The Supreme Court observed that a plea of res judicata cannot be determined as preliminary issue when it is a mixed question of law and fact.

Preliminary issues can be those where no evidence is required and on the basis of reading of the plaint or the applicable law, if the jurisdiction of the Court or the bar to the suit is made out, the Court may decide such issues with the sole objective for the expeditious decision, the bench comprising Justices Hemant Gupta and V. Ramasubramanian said.

In this case, the defendant in a suit filed an application to frame issues under Order XIV Rule 2(2) of the Code of Civil Procedure to treat issues related to principles of Res Judicata and Estoppel as the preliminary issues. The Trial Court dismissed the application. This order was challenged in revision petition under Article 227 of the Constitution of India before the High Court which then ordered the framing of issue of res judicata as preliminary issue.

Relying on Order XIV Rule 2 of the Code, the appellant contended that a Court is mandated to pronounce judgment on all issues, even though the suit can be disposed of on a preliminary issue.

The bench noted that the provisions of Order XIV Rule 2 are part of the procedural law, but the fact remains that such procedural law had been enacted to ensure expeditious disposal of the lis.

"In the event of setting aside of findings on preliminary issue, the possibility of remand can be avoided, as was the language prior to the unamended Order XIV Rule 2. If the issue is a mixed issue of law and fact, or issue of law depends upon the decision of fact, such issue cannot be tried as a preliminary issue.

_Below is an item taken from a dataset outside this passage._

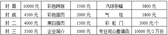 3、技術(shù)講座提供講座場地、照明、音響、桌椅、飲水、投影儀,不包含會場布置或其他特別安排的費用。會刊及展會現(xiàn)場廣告:不論您參加展會或未參展,均可通過以下形式發(fā)布廣告:

In other words, preliminary issues can be those where no evidence is required and on the basis of reading of the plaint or the applicable law, if the jurisdiction of the Court or the bar to the suit is made out, the Court may decide such issues with the sole objective for the expeditious decision. Thus, if the Court lacks jurisdiction or there is a statutory bar, such issue is required to be decided in the first instance so that the process of civil court is not abused by the litigants, who may approach the civil court to delay the proceedings on false pretext.", the court said.

The bench therefore held that the direction of the High Court to frame preliminary issue on the issue of res judicata is not desirable to ensure speedy disposal of the lis between parties.

"Order XIV Rule 2 of the Code had salutary object in mind that mandates the Court to pronounce judgments on all issues subject to the provisions of sub-Rule (2). However, in case where the issues of both law and fact arise in the same suit and the Court is of the opinion that the case or any part thereof may be disposed of on an issue of law only, it may try that suit first, if it relates to jurisdiction of the Court or a bar to the suit created 21 by any law for the time being in force. It is only in those circumstances that the findings on other issues can be deferred. It is not disputed that res judicata is a mixed question of law and fact depending upon the pleadings of the parties, the parties to the suit etc. It is not a plea in law alone or which bars the jurisdiction of the Court or is a statutory bar under clause (b) of sub-Rule (2).", the bench said while allowing the appeal.


Case details

Sathyanath vs Sarojamani | 2022 LiveLaw (SC) 458 | CA 3680 OF 2022 | 6 May 2022

Coram: Justices Hemant Gupta and V. Ramasubramanian

Headnotes

Code of Civil Procedure, 1908 ; Order XIV Rule 2 - The plea of res judicata in appropriate cases may be determined as preliminary issue when it is neither a disputed question of fact nor a mixed question of law and fact - Preliminary issues can be those where no evidence is required and on the basis of reading of the plaint or the applicable law, if the jurisdiction of the Court or the bar to the suit is made out, the Court may decide such issues with the sole objective for the expeditious decision. [Referred to Ramesh B. Desai and Ors. v. Bipin Vadilal Mehta and Ors (2006) 5 SCC 638 ] (Para 20, 30)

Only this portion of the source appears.